Taxonomy? Hmm. Sound a whole lot like one of my pet projects—developing a nonfiction family tree, doesn’t it? So I plunged into that lesson craving insight.
It turns out that Marc and his Uncommon Corps colleagues have developed a brand new, totally amazing system for classifying children’s nonfiction. It’s basically accomplishes what I had in mind with my nonfiction family tree, but the Uncommon Corp is light years ahead of my feeble attempt to get a handle on the broad range of nonfiction currently being published for young readers.
The Uncommon Corps has come up with seven broad categories for classifying nonfiction for children and they have graciously given me permission to share it here.
Data: In more friendly terms, you might call this category Fasts Facts. It includes Eyewitness Books, The Guinness Book of World Records, and my own book Animal Grossapedia. These are the concise, fact-filled books that groups of boys love to read together and discuss.
Expository: You might call this category Facts Plus because the facts are interwoven into a content-area explanation. This is could be considered “traditional” nonfiction in some ways, but there's nothing old-fashioned about today’s expository titles. Their engaging text and rich, dynamic art and design are sure to delight as well as inform young readers.
Narrative: This is a category we’ve heard a lot (I mean A LOT) about in the last few years. It’s the current darling of awards committees. Narrative titles present facts in the form of a true story with a narrative arc.
As you learn about the next few categories, I think you’ll see that some of the books that have been lumped into the narrative category should really be thought about on their own terms, based on the author's approach to the information.
Disciplinary Thinking: These books reveal how scientists and historians go about their work, how they evaluate evidence and form theories. The structure could be narrative, but it usually isn't. This category might also be called something like Experts at Work. Scientists in the Field books are the perfect example, but there are plenty of other examples. Skull by Mark Aronson is one that immediately comes to mind.
Inquiry: This category could also be called Ask and Answer. In these books, the author raises a question or a group of related questions and then seeks the answer. Sally Walker’s Written in Bone and What Bluebirds Do by Pamela F. Kirby are great examples.

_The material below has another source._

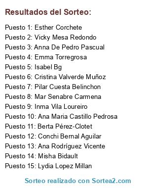 Lista de participantes: Fatima VO, Vane Feliponea, Sandra Rubio Gutierrez, Laura Vaquero Román, Carmen Muñoz, Macoy Mo, Pepi Romero Alvarez, Toñi Agullo Moll, Isabel Román Martinez, Angel Aranda, Gema Urra Castaño, Patricia Fernández Santos, Cintia Cedro Lopes, Maria Benito, Jesús Márquez, Josefita Ato, Nuria Perez Ortega, Angela Molina, Nerea Mazuela, Nuria Macías G, Raul Perez, María Bamio, Inés Diaz, Alicia Caro, Cruz Matabu, Robert Resorte, Silvia Ariza, Susana Nuño, Jesus Angel Vigeriego Minguez, Miriam Cruz, Daniela Daniela, Marta Sanchez Lopez, Julia Luna, Naira Regúlez, Patty Lilo, Georgina Vega, Sandra Blancart Aguilera, J Carlos Rubio Prestel, Tania Fuentes Benítez, Romina Schott, Begoña Lagardera, Charo Gil, Rosa Rodriguez, Mari A. GV, Ines Rocha, Gabriela Cristina Costache, Lourdes C. Coello, Paloma Mora Rosado, Susana Perez, Sonia Rabadán, Jose Javier Nieto, Yolanda Hernán, Isa Gomez Alonso, Mari Carmen López Munuera, Mar Lopez Velasco, Isabel García, Natalia Pérez Pérez, Maria Callejon, María Martínez Esteban, Sari Álvarez, Ángeles Villanova Barrachina, Maria Jose Simon Molina, Sandra Zornoza Garcia, Paqui Rubio Coronado, Mary Maria, Ángela Salgueiro, Carmen Bernal Alvarez, Ana Maria Lucaci, Xenia Perez, Rosazul Florista Adriana, Eva Fortuño, Marina Martín, Lara García-Granero, Marisol Moreno Moreno, Nuria Fernández Muñoz, Natalia Mas, Rosana Fernández Quiza, Julia Figueras, Rebeka Pla, Mariano Sáez Montes, Gloria Rodriguez Puertas, Natalia Vergara Ibáñez, Marta Diaz, Marisa Moya, Estibalitz Marzana, Patricia Calvo Montes, Ana Galvez, Raixa Raixa Cabrera Rodriguez, Luz Belen Franco Gamero, Pilar Gallego Crespo, Maite Pita Alonso, Isabel Bg, Maria Soar, Mayra Sobrero, Mariluz Gutiérrez Gordo, María Del Valle Rozalen, Roxana Neagu, Esther Marcos Herrero, Begoña C. Ortega, Gemma Fierro, Ana Parra Alonso, Maria Gomez, Belen Cuenca-Romero, Ana Belén Moreno, María Redondo López, Olga Palahi, Elena Fg, Ana Maria Izquierdo, Cris Salas, Ana Rodriguez, Agustina Santervás, Itziar Arrausi, Virginia Portilla Silva, Sara Crespo Campos, Ana Igual Lazcano, Monika Pavlova, Lydia Sanchez Santos, Anna De Pedro Pascual, Montse Jimenez Gonzalez, Angelines Sanchez Aguado, Betty Llensa Bou, Mónica Estadella García, Empar Fora Cognoms, María Navas, Fanie Di Natale, Generador Contenidos, Emma Torregrosa, Jaione Robles Iriondo, Maria Eugenia Giron Les, Jess Mab, Seyla Domingo Ortiz, Eguskiñe Fernandez, Beatriz Esteban, Beatriz Ruiz Torrente, Verónica Pérez, Bego Alvarez, Lola Mulero, Victoriana Barrera Barba, Conchi Fernández Valledor, Pipe Perez, Maria V Garcia, Ainhoa Lazarraga, Jennifer Sierra, Silvana Gopes, Vanesa Hiraldo Briones, Marta Fernandez, Adriana Uribe, Isabel Cornejo, Sonia Lopez Fandiño, Yazmina Rz, MOntse Sagrera, Isaac Perez Velazquez, Nuria Azcona, Zulema Pontes Vidal, Vicky Mesa Redondo, Victoria Veintimilla Santos, Marta Moore, Agustina Hernandez Garcia, Mar Bascon, Iuliana Andreea Munteanu, Silvia Bartolome, Sonia Perez Martinez, Marcela Ulehla Mrazova, Maria Conchi, Silvia Curto Rodriguez, Antonia Moyano, Virginia Vielva, Maria Jose Marin Hervas, Carmen García Moreno, MaBel Palomero, Sandra Clemente Orte, Rebeca Marquez Cruces, Cristina Laguna Bellon, Loreto CR, Yolanda Álvarez, Sonia Moreno Lopez, Maria Sanz Sanz, Lily Calma, Teresa Martín Gavilán, Maria Jesus Moreno Torreblanca, Elena Begoña, Ana María García Rodríguez, Veronica Gómez Bonachera, Paqui Molina, María González Lucas, Conchi Bernal Aguilar, Ain Ara, Yolanda Pelaz Díez, Mon Mislilith, Marta Camp, Ale Hop, Mai Arrizabalaga, Viviana Andrea Muñoz Falero, Verónica Arenas Carreño, Mónica Fernández Sarabia, Teresa Vilarrubi Otero, Rafi Montavez Jiménez, Cristina Perujo Melgar, María José Martín, Inma Domingo, Celia Roza Rodríguez, Rakel Prado Rodríguez, Leticia Garcia Collantes, Lery LC, Sandra Marin Garcia, Ariadna Thomas, Susana Bandrés, Almu Garrido, Noelia Garcia Sanchez, María De Los Ángeles Allende, Maria Rosa Borbalan, Cristina Camacho García, Nela Roni, Angel Manlo, Mari Carmen Cerezo, Criss Jesús, Soraya Olivera López, Jose Vicente Serrano, Pilar Cuesta Belinchon, Monica Sierra, Maria Macia, Mariana Padilla Calero, Susana González Pastrana, Lorena Garcia Hernandez, Laura Gocentaite, Elena Iv, Nnoemi Ppujol, Manoli Montarroso, Isabel María Martínez, Encarni Rodriguez Pascual, Ana Brito, Dolors Senserrich Pairó, Guillerm Antonio, IngridyJose Peregrina Zafra, Virginia Monreal Martínez, Raquel Baña Mouzo, Alejandra García Barreiro, Mar Senabre Carmena, Ana Aranda, Elisabeth Hernandez, Marisol Pardellas Barros, Silvia De la Tierra, Debora Yubero Delgado, Ana María Pozo Fernández, Magdalena Sanchez, Santi Gutierrez, Fabiola Segura, Montse Cortiñas Perez, Jaime Molina, Silvia López Lería, Beatriz Camarena Ruiz, Luisa Maria Garcia Repiso, Maribel Moñino Parralejo, Vanesa Cobos Montiel, Maria Garcia-Mochales, Myriam Graciela García Cazorla, Adoracion Perez Nieto, Veronica Salan, Angeles Sanchez Gadea, Juan Manuel Rodriguez DE Granada, Marta Alonso Garcia, Dana Dascalu, Bea Blanco Bascuas, Charo Pisal, Marimar Téllez, Esther Frutos Muñoz, Veronica Llune Garcia, Carolina Rodriguez, María Teresa Ferreira, Clara Perez, Ana Rivera, Muñoz Alcala Ani, Laau Reeta, María Rdguez, Ana Begoña Rubio Galindez, Mónica Peña, Beatriz Guijarro, Loli Osuna Martinez, Inma Vila Loureiro, Lola Ramos Navas, Paula Mud, Maria RG, Laura Guzmán, Maria Jose Rosello, Moni Perez, Cristina Piñeiro, Vanesaa Rubio, Esther Gor, Esme Pintor, Isabel Sierra Alcañiz, Christine K. Wibrow-Tait, Andres Perez, Candelaria Curbelo Pérez, Lorena A Secas, Ana Eche, Farmacia Eduardo García Torres, Begoña Pardo Martinez, Maria Jose Canals, Laura Nogueiro Alvarez, María Díaz, El Gato Molón, Cristina Valverde Muñoz, Ana López, Maria Josep Queralt Queralt, Raquel Fuentes, Carmen Carcaño, Maria Gonzalez Martin, Sagrario Rodriguez, Vanessa SH, Mikel Bilbao, Ma

Interpretation: For these books, authors research a topic widely, find their own meaning in the information, and present the content from that point of view. Charles and Emma by Deborah Heiligman is the first title that leaps to mind, but I’d also put books like Those Rebels, Tom and John by Barbara Kerley in this category. I think we’ll see more of these books in the future because this type of presentation directly supports Common Core.
Action: This is category offers a separate spot for titles that invite young readers to take action. The most obvious examples include Citizen Scientists by Loree Griffin Burns and the Science Play series by Vicki Cobb.
This post is getting long, so I’m going to look more closely at each of these categories in the next few weeks. But before I go, I wanted to show you how I would place these seven categories on my brand-spanking-new nonfiction family tree.
The branching is based on commonalities I see between the various kinds of books and how they may have evolved in reaction to advances in technology and market conditions. As always, my tree is a work in progress, but I’m feeling better about it all the time.